Online education is growing fast in India as candidates take the e-route to gain new skills but poor digital infrastructure and low completion rates are the top challenges facing this sector, say experts. 

New Delhi: Online education is growing fast in India as candidates take the e-route to gain new skills but poor digital infrastructure and low completion rates are the top challenges facing this sector, say experts.

A large number of entrepreneurs are venturing into this space and this space is expected to see an uptrend in the next 3-5 years thanks to the Digital India campaign, the cultural importance given to education and falling mobile data prices. PE/VC firms are also keen on investing in this sector as the potential is large not just in K12 segment (kindergarten to 12th grade) but also in open online courses, where people from India are the second largest consumers.

Among the top investments in the edtech sector in 2017 was Byju's raising about USD 30 million from Brussels-based family office Verlinvest in March 2017 and about USD 40 million from Tencent in July 2017.
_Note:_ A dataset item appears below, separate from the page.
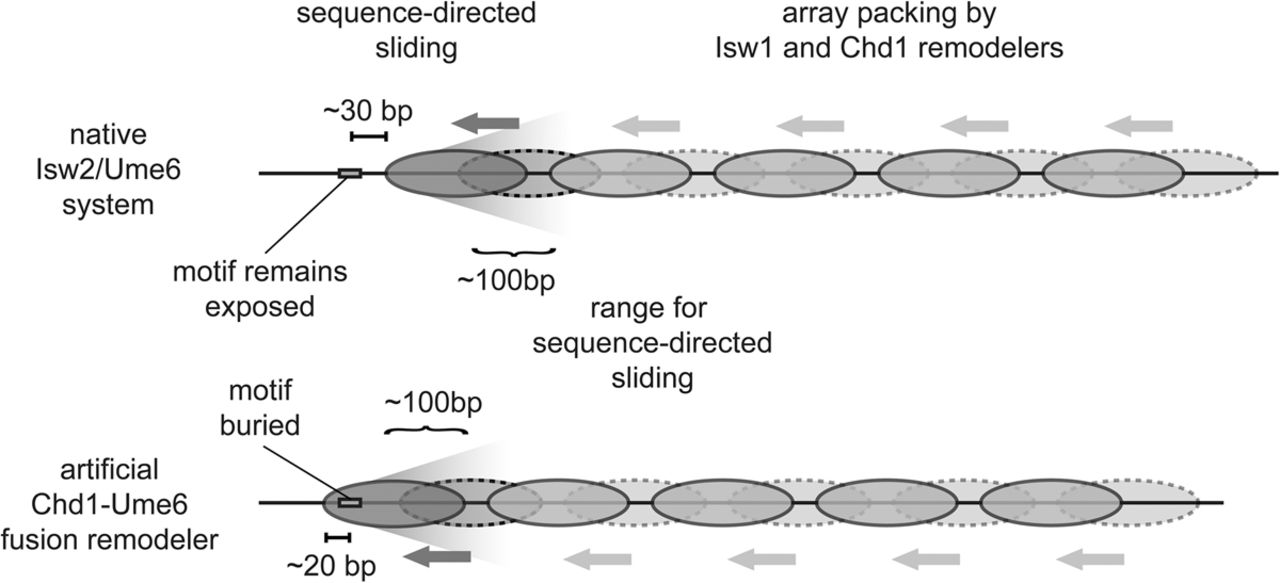 Model for transcription factor-mediated chromatin remodeling at sequence-targeted sites. (Top) In the endogenous system, Isw2 is recruited to specific genomic loci through interaction with Ume6 at target motifs (rectangle). Motif-proximal nucleosomes (dark gray) within a limited range are shifted by Isw2 from an unremodeled position (dashed lines) to a final position such that 30 bp of DNA are exposed between the motif center and the nucleosome edge. (Bottom) The artificial Chd1-Ume6 system works through a similar mechanism where the motif proximal nucleosome is directly moved by the chromatin remodeling protein, but with this remodeler, the recruitment motif is buried by 20 bp of nucleosomal DNA. For both cases of sequence-directed nucleosome sliding, the motif-proximal nucleosome determines the phasing for evenly spaced nucleosome arrays that are packed against these founding nucleosomes by endogenous remodelers.

Other top deals include Coursera raising USD 64 million Series D funding led by GSV Asset Management; CueMath, run by CueLearn raising USD 15 million in Series B round of funding. Online learning platform Unacademy also raised USD 11.5 million in its Series B round of funding led by Sequoia India and SAIF Partners; and Eruditus Executive Education, a provider of executive education programmes, had raised USD 8 million in a series-B funding round from Bertelsmann India Investments.

"As half of the population is under the age of 25 and the number of internet users expected to reach 500 million by 2017, the future of education in India heavily relies upon online learning," said Ashwin Damera, Executive Director, Emeritus Institute of Management.
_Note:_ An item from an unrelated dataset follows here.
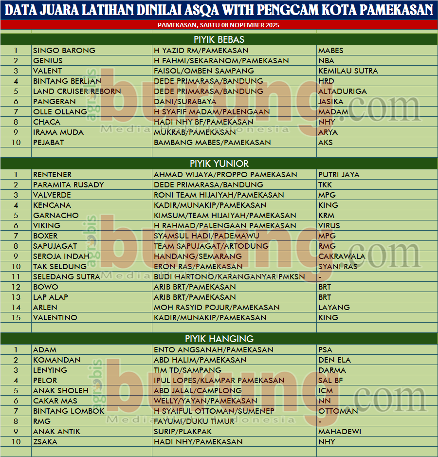 Dan dikelas piyik hanging yang menjadi pemenang pertama adalah jawara Adam bergelang PSA milik Ento Angsanah Pamekasan yang disusul posisi kedua jawara Komandan bergelang Den Ela. Diposisi ketiga ditempati jawara Lenying berglang Darma.

According to a report by Google and KPMG, the online education industry in India is poised to grow eight times to become a USD 1.96 billion industry by 2021 as an increasing number of students consume content through e-routes. This sector, however, faces high drop-off rates as many online courses are self-paced wherein there are no points of engagement, which in turn result in lower completion rates.

"In addition to the poor digital infrastructure, sustained engagement with candidates who don't see value beyond just skills learnt is difficult, leading to a high drop-off rate," said Rahul Belwalkar, CEO, SecUR Credentials.
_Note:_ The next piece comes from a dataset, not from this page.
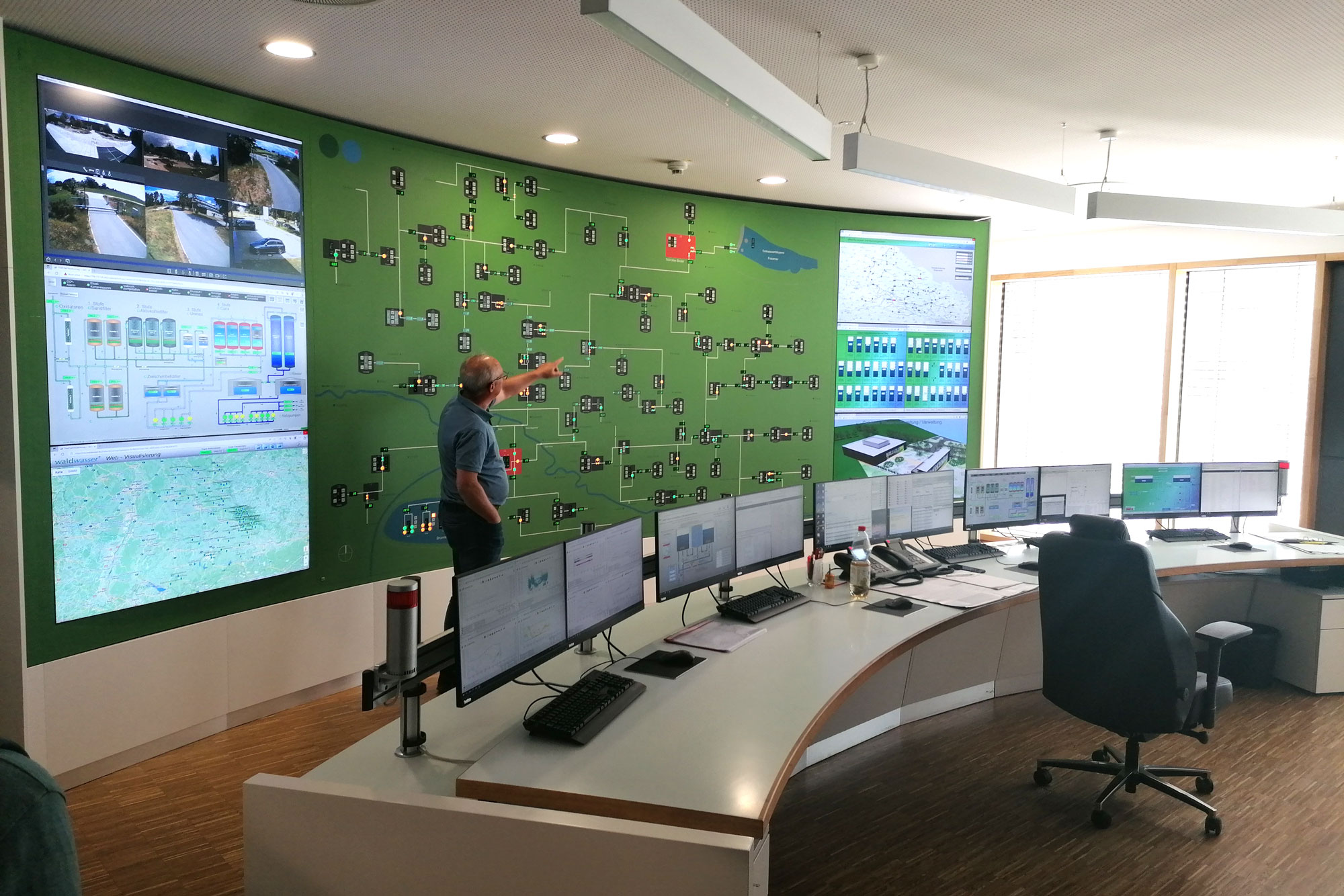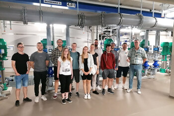 Die Studierenden waren beeindruckt von der aufwendigen Anlagentechnik, die zur Wasseraufbereitung geplant, gewartet und instandgehalten werden muss. In der Steuerzentrale Moos werden hunderte Pumpen im 950 km langen Rohrnetz überwacht.

To increase engagement and decrease the drop-off rate a number of learning apps are gamifying the whole process. Divya Gokulnath, Director and Teacher at BYJU'S, said the BYJU'S app leads every student on their own personal journey where, if one goes wrong, he/she is taken on different paths till you learn and succeed.

"The feedback received is also gamified to ensure that if the student is unable to complete a test or learn quickly, they don't feel disappointed, instead are motivated to push on to complete it," Gokulnath added. According to Ganesh Kohli, IC3 Conference Chair, edtech sector is fragmented and there will be buyouts and consolidation in the coming days.

"In any specific application area, there cannot be more than a handful national level players and either the rest of the players will disappear or will be consolidated with the larger players," he said.